Wait... Nevermind. The engines would keep increasing thrust and it'd tip over.

I am beginning to think you seriously overestimate your own intelligence.

---

If the plane's engines can generate enough air resistance without needing to move forward on the ground then surely it could just lift off like a helicopter and then fly off like a rocket as soon as the wheels weren't touching the treadmill...

I don't know enough about 747 engines to know if it is specifically possible in this case but I'd imagine it is possible in theory.

In reality I don't think it would ever be possible to exactly match the wheels of the plane with the speed of the treadmill as you'd need a large treadmill with a feedback loop that goes up to some insane speeds.

And even then the plane's wheel has to move before the treadmill can adjust its speed.

The engine generate thrust, not resistance, unless it is stalled.

No matter how fast the treadmill is rolling backwards, the plane can roll forwards because the landing gear wheels are free spinning. So the presence of the treadmill will have almost no effect on the behavior of the plane once it's engine is started. The plane will accelerate forward, causing airflow over the lifting surfaces.

The shape of the lifting surfaces is so designed as to ensure airflow moving over the top surface of the wing momentarily travel faster than airflow traveling under the bottom surface of wing. By Bernoulli effect, this result the air flowing under the bottom of the wing excreting a higher upward pressure on the wing than the downward pressure generated by the air flowing over the top wing. The excess of upward pressure over the downward pressure on the wing is called lift.

When the forward speed of the aircraft increases, the differential speed of airflow over and under the wing increase, as does the differential pressure, or lift, on wing. When the lift exceeds the weight of the plane, the plane lifts off.

The pilot can control just how much the lift the wing generates at a given speed by pitching the wing slightly up, or down. When a wing pitches up compared to the direction of the incoming air (higher angle of attack), lift increases, as does drag. Pitch the wing down, lift decreases, as does drag. So at the instant of take off the pilot rotates the aircraft to pitch the wing up in order to increase the lift, this allowing the pilot to exactly control when the lift will exceed the weight of the plane, and thus the exact moment of takeoff. If he does not rotate the plane, the plane will simply continue to accelerate straight down the runway, the plane will still shortly start to float up off the ground as its forward speed continue to increases.

In none of this principle of flight, does the backward movement of the ground under the wheels of the plane excert any significant effect.

So the treadmill is an extraneous factor introduced into the scenario to pull the leg of people who doesn't know much about aerodynamic flight.

This mysterious treadmill is not an extraneous factor my friend.

As for planes, My Great Uncle Ruseman built the first aerodynamic flight.

[FreeTony]

In any normal sort of scenario the aeroplane gets airborne with the treadmill at any sort of finite speed. However consider the workings of the treadmill:

Wheel speed and treadmill speed start at zero.
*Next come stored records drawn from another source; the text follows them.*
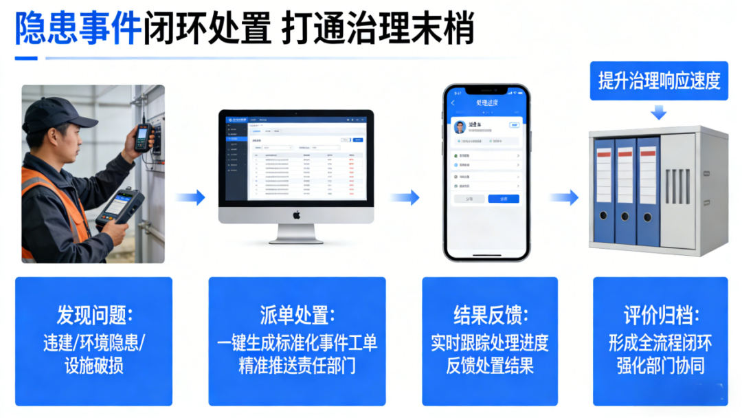 巡检发现违建、环境隐患、设施破损等问题后,一键生成标准化工单,精准推送至责任部门。实时跟踪处理进度、反馈处置结果,形成“发现问题 — 派单处置 — 结果反馈 — 评价归档”全流程闭环,强化部门协同,提升治理响应速度。
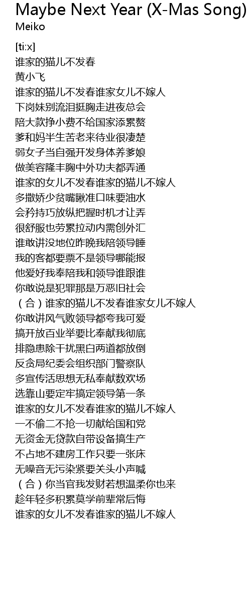 | [00:50.735] | shuí jiā de nǚ ér bù fā chūn shuí jiā de māo ér bù jià rén |
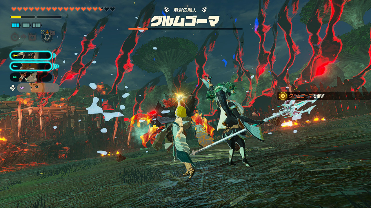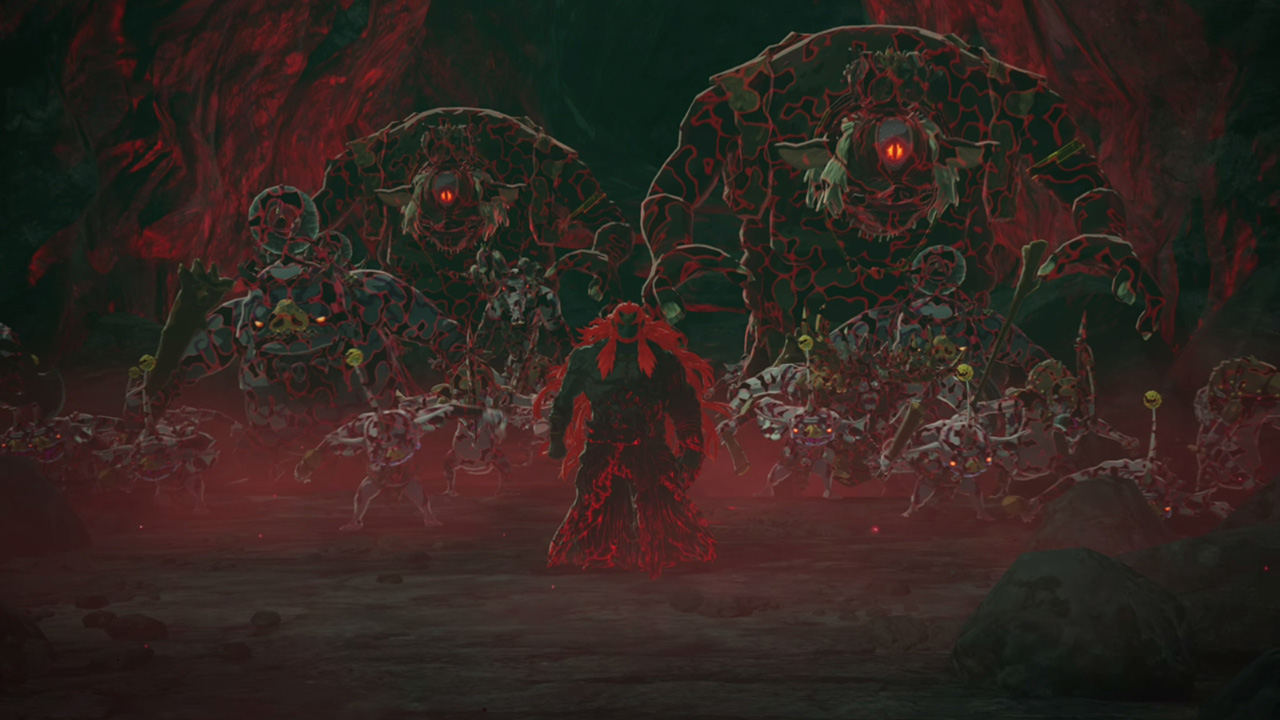 四魔人を倒しつつガノンドロフ軍に支配されたハイラル各地をある程度解放したら、いよいよガノンドロフとの戦いへ。まずはカラモと騎士ゴーレムの二人で地底のガノンドロフの拠点に奇襲をかけます。
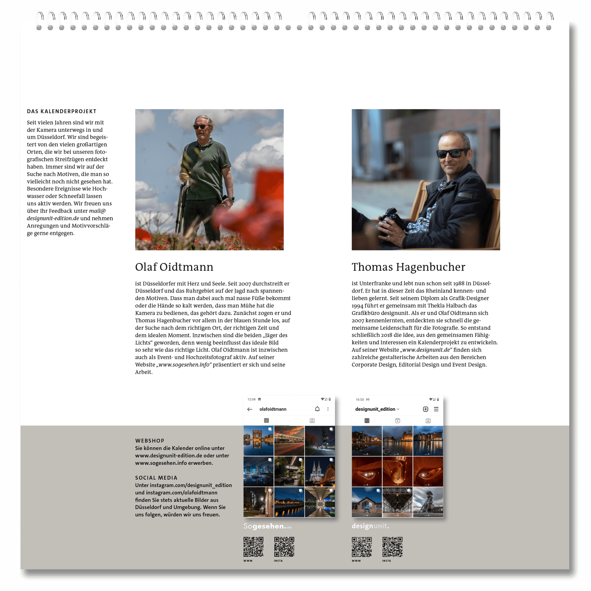 Liebe Kalenderfans, es ist wieder soweit – die Tage werden kürzer und das Jahr geht seinem Ende entgegen. Für das neue Jahr 2024 bringen wir Ihnen wieder mit unserem Wandkalender jeden Monat ein Stück Düsseldorf nach Hause. Auch in diesem Jahr waren wir wieder mit großer Begeisterung in Düsseldorf unterwegs und haben spannende Perspektiven unserer geliebten Stadt eingefangen.
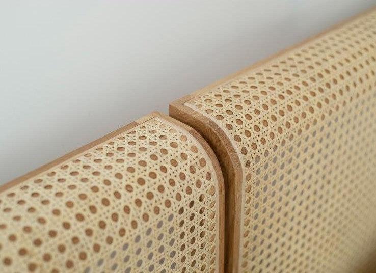 MATHURA bed frame features an intricate craftmanship through its high quality solid ash wood frame and finely crafted rattan headboard to feature a beautiful elegant look. This bed is sure to turn heads in the bedroom. A little bit of the tropics fused with artisan craftsmanship.

Plane starts to accelerate, from 0 to deltaV. Wheels are spinning at deltaV. Ttreadmill speed is zero.

Treadmill reacts, by going from speed 0 to deltaV, as it must match the wheel speed. This means that wheels are now spinning at 2*deltaV. But now the treadmill must react by increasing it's speed to 2*deltaV as ist must match the wheel speed, which increases wheel speed to 3*deltaV.

This cycle would go on until infinity under idealised scenarios. It would all depend on the sampling rate of the treadmill. If deltaT (the inverse of the sampling rate) were very small, the tyres would explode and the plane would get sent backwards and crash.

(I think)

[Chas]

The wheels and treadmill are irrelevant.

Assuming the air is still, the engines provide thrust and will move the airplane relative to the air, thus providing lift.

[FreeTony]

They're not irrelevant if the wheel speed reaches 200+ knots and the tyres explode.

[Thumpalumpacus]

What's the airflow over the wing doing?